We needed to optimize this process. The idea of generating in JSON format seemed very good to me, and I decided to apply it to generate all of the above at least partially. The reasoning was as follows - since the only problem we have is the amount of text in the chapter itself, we will generate it only with a separate request. The rest, representing two variants of the story continuation, we will ask to generate in JSON format on the basis of the separately generated chapter. This optimization reduced the number of requests, and the request for generating options was super fast as it didn't require heavy "thinking" from the AI.

Still not fast enough

However, response times remained insufficient despite the optimizations. Chapters were generating faster, but users still had to wait for the generation of the next chapter after making a choice. So, we implemented the following:

The user clicks the payment button and waits for the generation. During this time, the first chapter is generated.
Once the first chapter is generated, the user gains access to read it. Simultaneously, the generation of two potential next chapters begins using Sidekiq workers. During this phase, the choice buttons are locked to prevent the user from making a selection until the generation of the next chapters is complete. As expected, this did not negatively impact the user experience. In practice, the chapters were almost always generated before the user finished reading the current one, which was our initial goal.
The user finishes reading the current chapter and can choose from the two options for the story's continuation, which were already generated by that point. After clicking one of the options, in the background, the generation of the two following chapters begins, based on the user's chosen option. This process repeats until the final chapter, concluding the story.

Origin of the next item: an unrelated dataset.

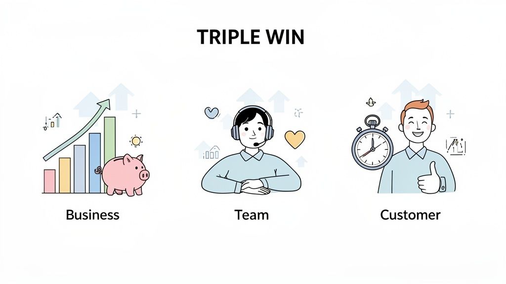 This means digging into the data that shows how automating customer service is really impacting your team’s workload, your operational costs, and your customers’ happiness. Without the right numbers, you’re just guessing.
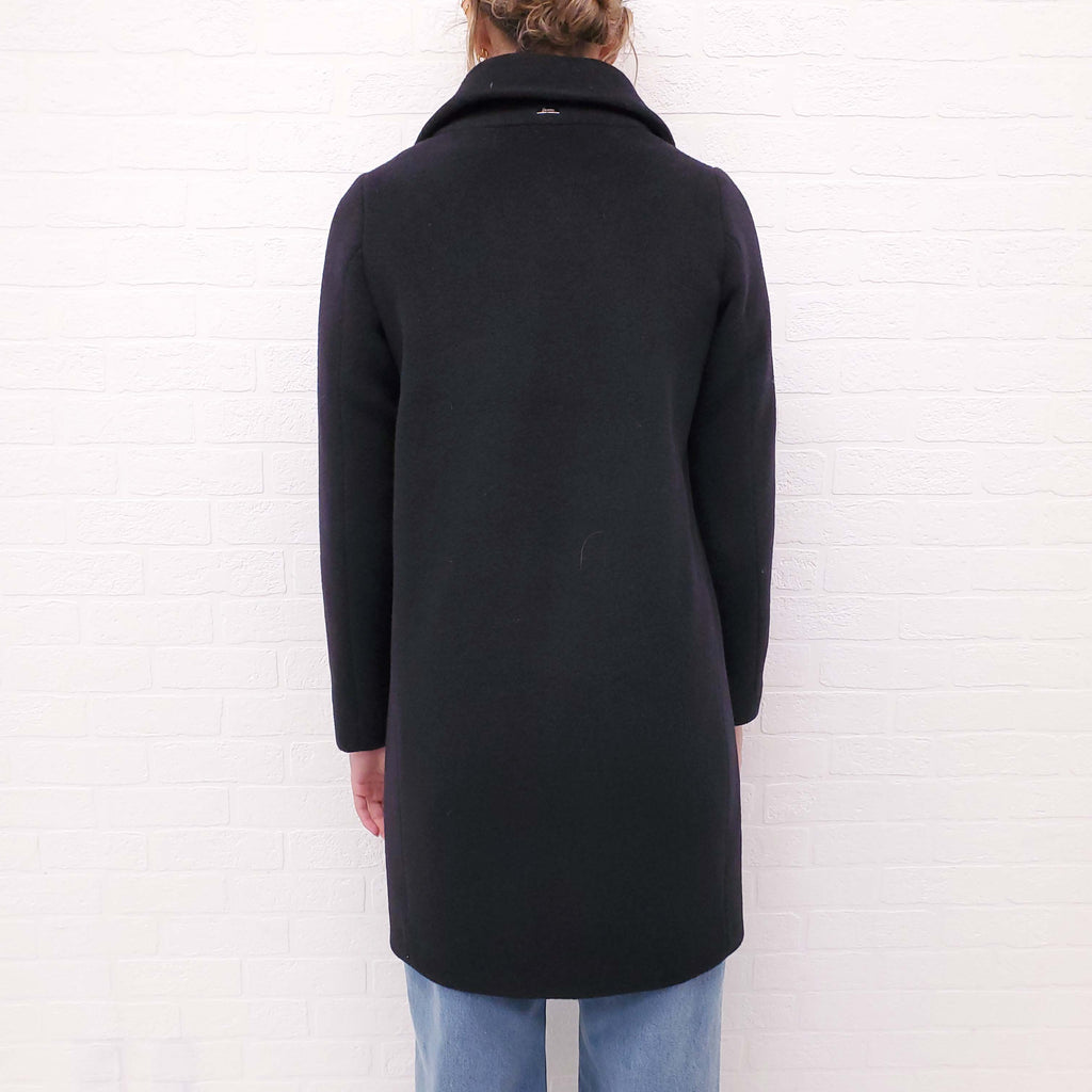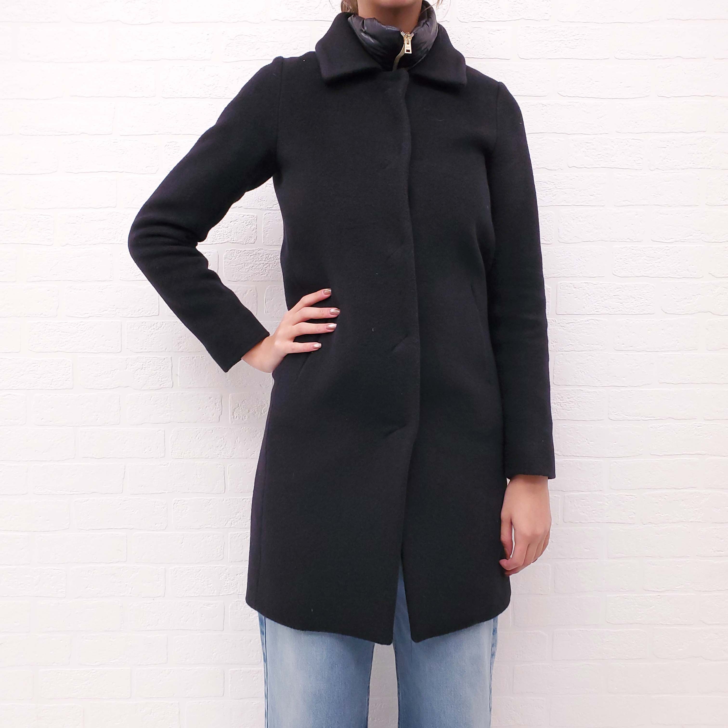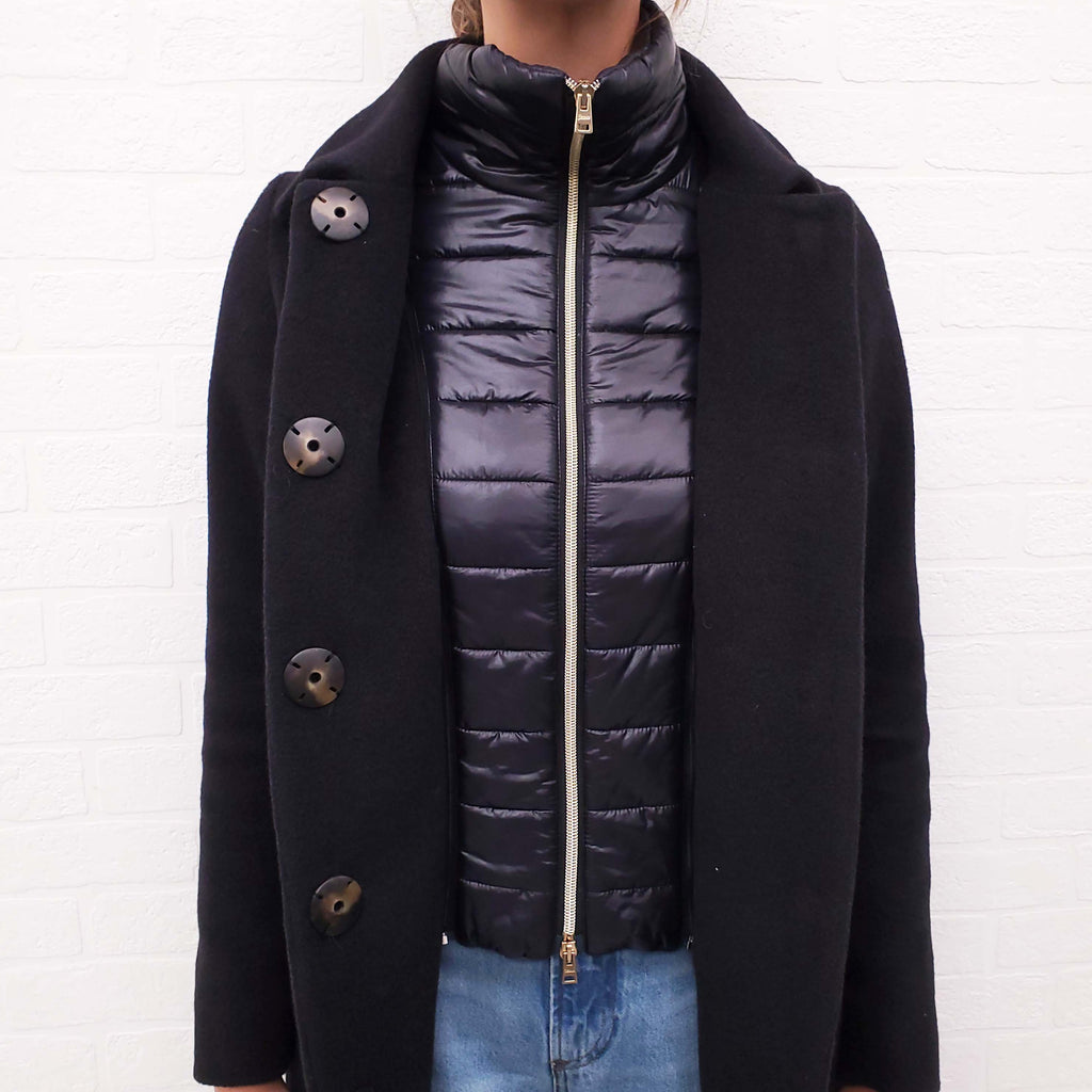 HERNO BLACK WOOL COAT WITH PUFFER INSERT - SIZE 38

As you can see, this sequence of actions does not mention the generation of previews. This is because initially, previews were designed to provide the user with a quick response containing a brief description of the story. Only after seeing the preview could the user decide whether to purchase the full story. Thus, we aimed to save tokens – why generate chapters of a story that the user might not purchase? Later on, the client prioritized user interaction comfort over token savings. Therefore, users now generate chapters in the background while previews are taken from the first few lines of the fully generated chapter.

Summary

Such technologies can be quite imaginative and can inspire numerous ideas. However, modern AI have several quirks, some of which are challenging to analyze and require solutions by matching in practice. In this article, we discussed the technical difficulties directly, but the unpredictability of the model's behavior presented more significant problems. There were cases where nine generations went well, and then one unsuccessful generation would disrupt everything. Conversely, we'd find errors, and it wasn't clear how the neural network could generate anything coherent in the first place.

The funniest part is that sharing detailed experiences often doesn't make sense because each situation requires a purely individualized solution. It's important not to delude ourselves and treat these solutions, like Chat-GPT, as a panacea. As one of our CTOs said, Chat-GPT is like a not-so-smart Junior Developer. It seems to be capable of something, but it's better to double-check a few times.